The second argument in "LocalFile" is optional if the file is in the same directory where you execute the submission script. To processs the file, execute

/cvmfs/ganga.cern.ch/Ganga/install/6.1.1-hotfix1/bin/ganga ganga-submit.py

Then you can launch the Ganga shell and the job monitoring proceeds as before.

A list of computing sites that would accept your arc jobs can be obtained with the programme lcg-infosites, asking to list all "computing elements" for pheno: (this requires you to have already made a proxy certificate with arcproxy or voms-proxy-init)

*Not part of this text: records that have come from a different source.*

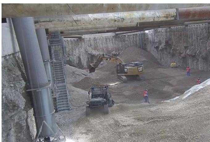
Blick in das Halleninnere: Das Baufeld Nord ist vollständig ausgehoben; Quelle: Pressefoto Roche.

Das erste der drei Baufelder, das Baufeld Nord, ist vollständig ausgehoben. Mit der in der vergangenen Woche ausgebauten Rampe wurde das letzte verbliebende belastete Erdreich entfernt. Die bisher erfolgte Wiederverfüllung hatte zum Zweck, aus sauberem Schotter eine neue Rampe zu erstellen sowie eine Deckschicht einzubringen. Damit wurde eine saubere Arbeitsfläche für die weiteren anstehenden Arbeiten geschaffen. Derzeit erfolgt die vollständige Reinigung der Hallenkonstruktion und der Innenwände im Baufeld Nord durch zwei Spezialfirmen aus der Region (Grenzach-Wyhlen und Waldshut-Tiengen). Erst nach der vollständigen Reinigung - voraussichtlich Mitte Juli - wird die Wiederverfüllung mit sauberem Erdreich fortgesetzt und bis ca. Ende August 2018 abgeschlossen.
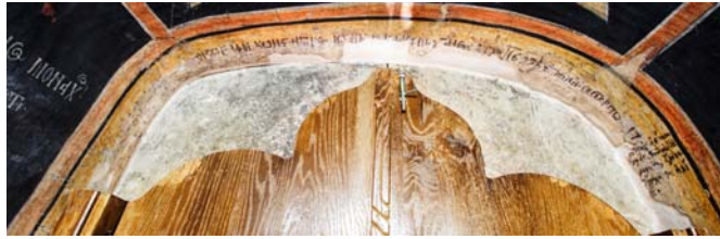
Fig. 1. Biserica Adormirea Maicii Domnului din Râmnicu Sărat, glaful ușii de intrare. Inscripția zugravilor.
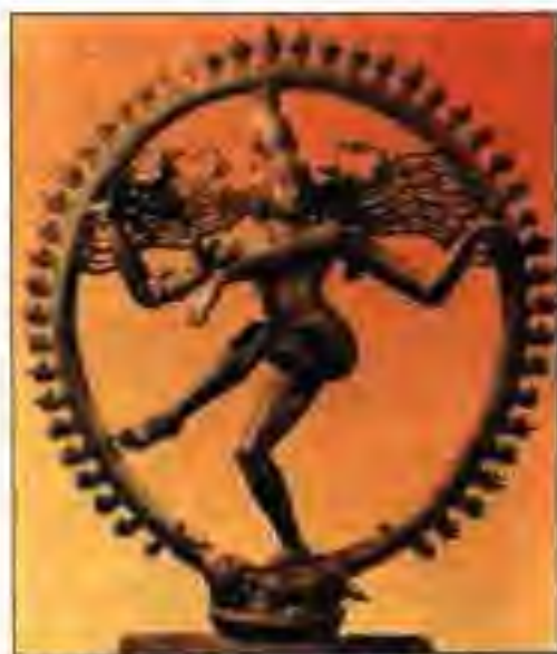
Расми 14. Ҳайкали биринҷии олиҳаи ҳиндуён.

Вале империяи ташкилкардаи Харши ҳам дуру дароз умр наид. Роҷаҳои алоҳида ҳанӯз ҳангоми дар қайди ҳаёт будани Харши мустақилият ба даст оварда, минбаъд ба ҳокимияти марказӣ иттиҳод наме-
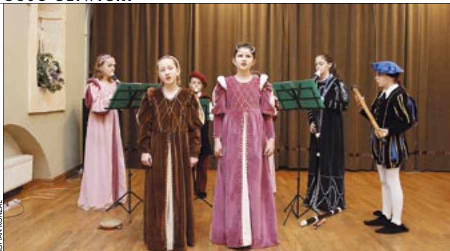
Na zamku w Toszku wystąpił Zespół Muzyki Dawnej „Tibiarum Scholares”
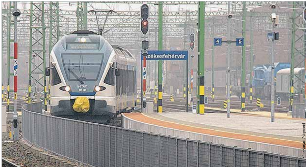
Az állomáson új felsővezeték létesült, a Mártírok útján zajvédő fal épült, és új tengelyszámálós vonatérzékelésű elektronikus állomási biztosítóberendezést létesítettek nyolcvankilenc központi állítású váltóval. Moha és Börgönd felé pedig ellenmenetet és vonatutolérést kizáró berendezést telepítettek.

meg az állomáson. Az intermodális csomópont várhatóan két-három éven belül kialakulhat, aminek következtében az állomás előtti tér az autóbussz-megállóval együtt megszépülhet, valamint a parkoló is bővíthet, hogy egy tel-
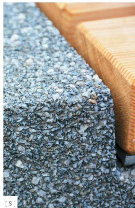
[ 8 ]
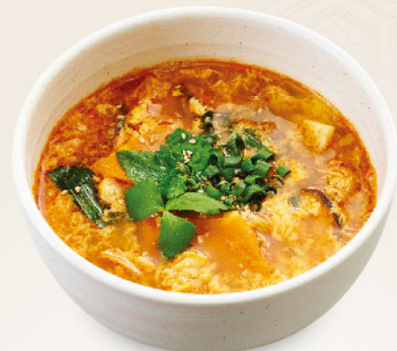
極カルビスープ ¥980 (税込¥1,078) Kalbi soup
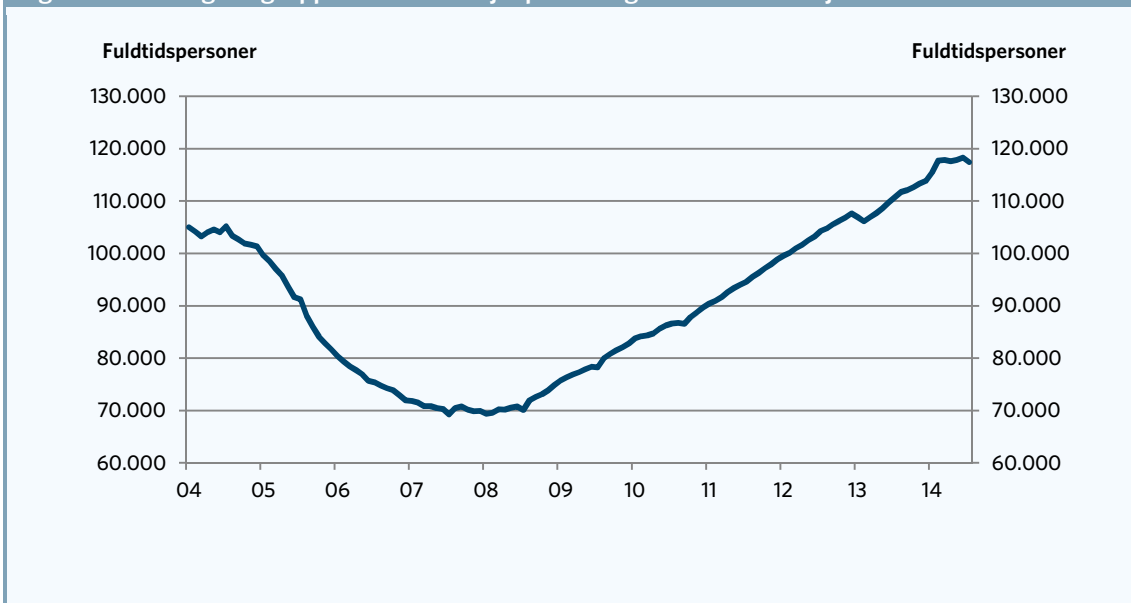
Figur 3. Udviklingen i gruppen af kontanthjælpsmodtagere udenfor arbejdsmarkedet

Anm.: Data er sæsonkorrigeret. Der ses på månedsdata. Kilde: AE på baggrund af Danmarks Statistik og Beskæftigelsesministeriet.

lcg-infosites --vo pheno CE

This will return a long list of UK sites. Submitting to RAL is good (they have very many computers), and so is e.g. Glasgow. To submit to RAL, one would simply replace the single line in the python job submission script detailing the CE with e.g. (for submission to RAL):

12. j0.backend.CE='arc-ce01.gridpp.rl.ac.uk'

or (for submission to Glasgow):

12. j0.backend.CE='svr009.gla.scotgrid.ac.uk'

It is possible to have ganga pick compute elements arbitrary from a list (to spead the load onto many clusters). And there is an even smart way of using a central service to submit to jobs to the site that have the jobs start the quickest (see the section on Dirac).